Leu-18 of the RR forms a tight hydrophobic minicore with Leu-38, Asn-42, and Leu-45 on the DD (Fig. 1). The side chain of Leu-18 is <5.5 Å away from the side chain of Leu-38, Asn-42, or Leu-45. For three reasons, we believe that these four residues play a primary role in determining specificity of DD–RR recognition. First, the residues have statistically significant I_i values (Tables 1 and 2). Second, the residues are in close contact with each other. It should be noted that the DD and RR sequences have been analyzed separately, without using structural information, and Leu-18, Leu-38, Asn-42, and Leu-45 are found to be in contact only after the mutual information analysis.

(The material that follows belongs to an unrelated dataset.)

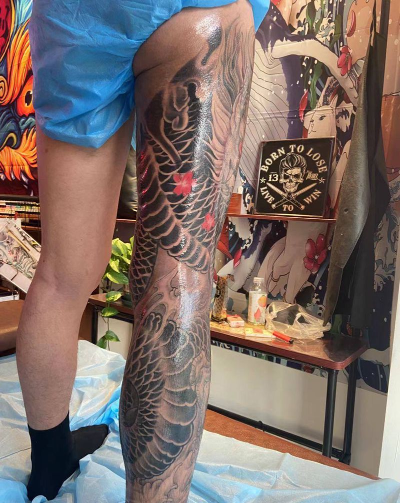 • T网红王老大花腿龙纹身图片_腿部新传统纹身图案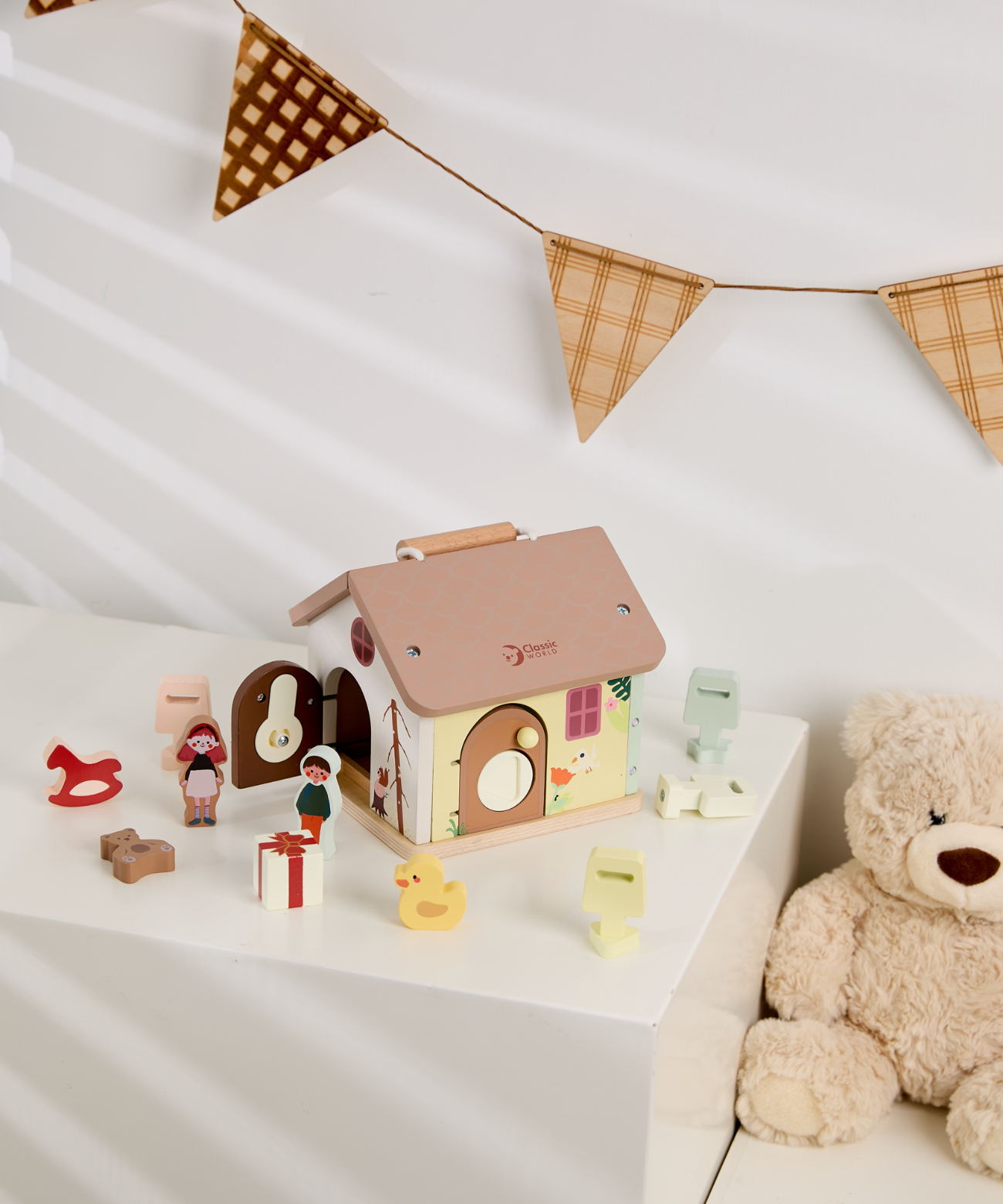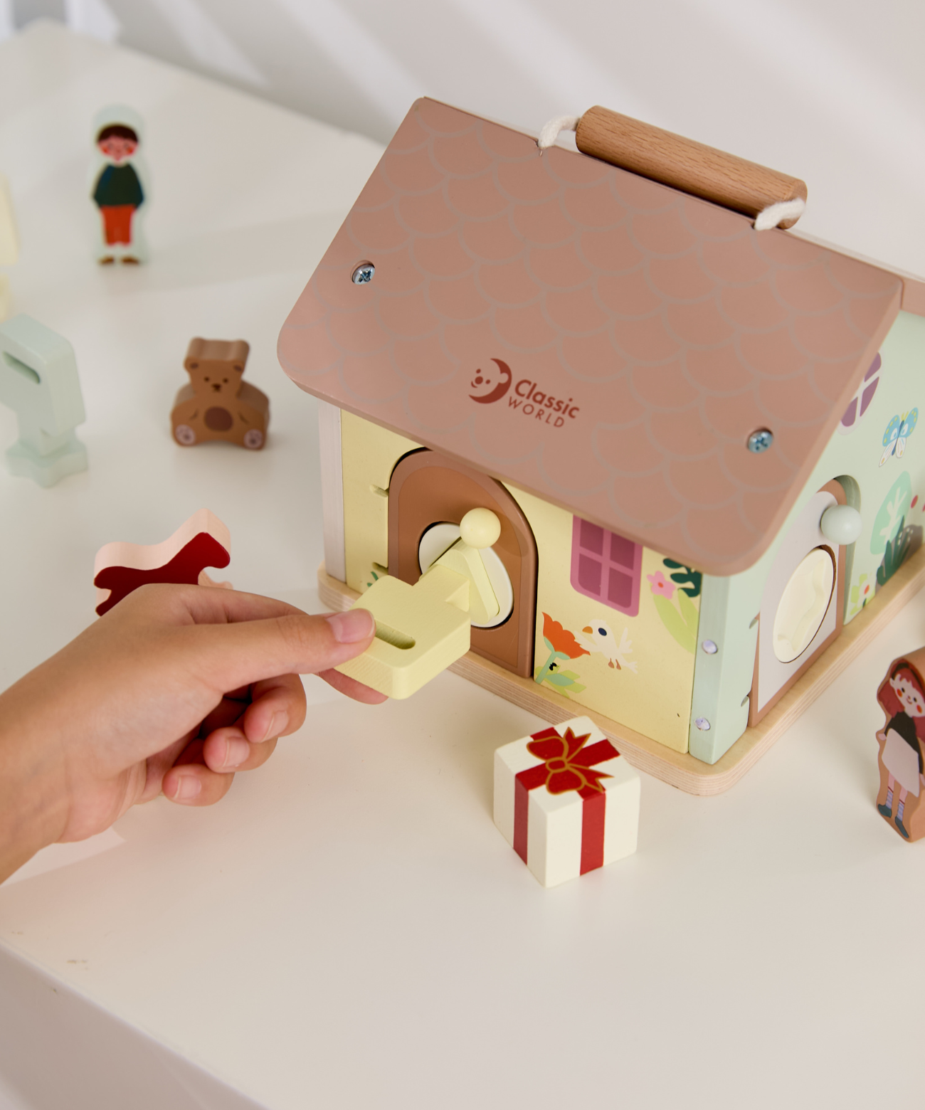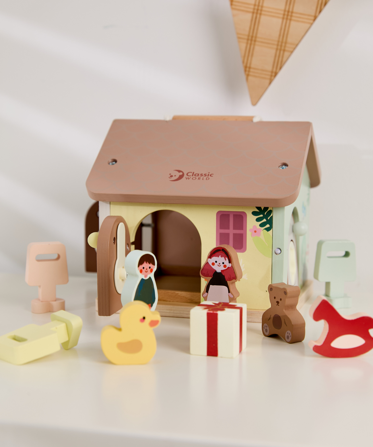 The Wooden Locking House is a fun and engaging wooden toy designed to help little ones practice fine motor skills and hand-eye coordination. Children can insert the key through different colourful shapes and experience the joy of unlocking the door.

Third, among the families in Tables 1 and 2, there are correlated mutations between position 18 of the RR and positions 38, 42, and 45 of the DD. The most dramatic example is between the sporulation (Sp0F–Sp0B in Tables 1 and 2) and the autolysin system (AutS-AutR in Tables 1 and 2). When Leu-18 in Sp0F changes to Glu in AutR, Leu-38, Asn-42, and Leu-45 in Sp0B turn to Glu, Lys, and Lys, respectively, in AutS. The hydrophobic contacts among Leu-18, Leu-38, Asn-42, and Leu-45 in Sp0F–Sp0, then, seem to have been replaced by a mixture of hydrophobic and electrostatic interactions in AutS-AutR. This hydrophobic-to-electrostatic switch may prevent Sp0F from binding to AutS in Bacillus subtilis. A simple experiment will confirm or refute this hypothesis: changing Leu-18 to Glu in Sp0F should weaken the binding between Sp0F and Sp0B, but further mutating Leu-38, Asn-42, and Leu-45 in Sp0B to Glu, Lys, and Lys should restore, at least partially, the affinity between Sp0F and Sp0B.

Haldimann et al. (23) have done a similar experiment on the PhoR–PhoB system, trying to make PhoB recognize the noncognate HPK VanS. Comparing their results with our predictions, it is very encouraging that Met-17 in PhoB (= Leu-18 in Sp0F), is involved in altering the specificity of PhoB (23). However, our analysis misses some of the specificity-altering mutations in PhoB, such as T97A (23). Interestingly, Haldimann et al. (23) find no PhoB mutant that recognizes only VanS, and not PhoR. To make such a mutant, Table 2 suggests the following method: Arg-85 (= 84 in Table 2), Arg-91 (= 90 in Table 2), and Ser-108 (= 107 in Table 2) in PhoB should be mutated to Leu, Gln, and Arg, respectively. Furthermore, Met-17 could be replaced by Thr, rather than by Val (23).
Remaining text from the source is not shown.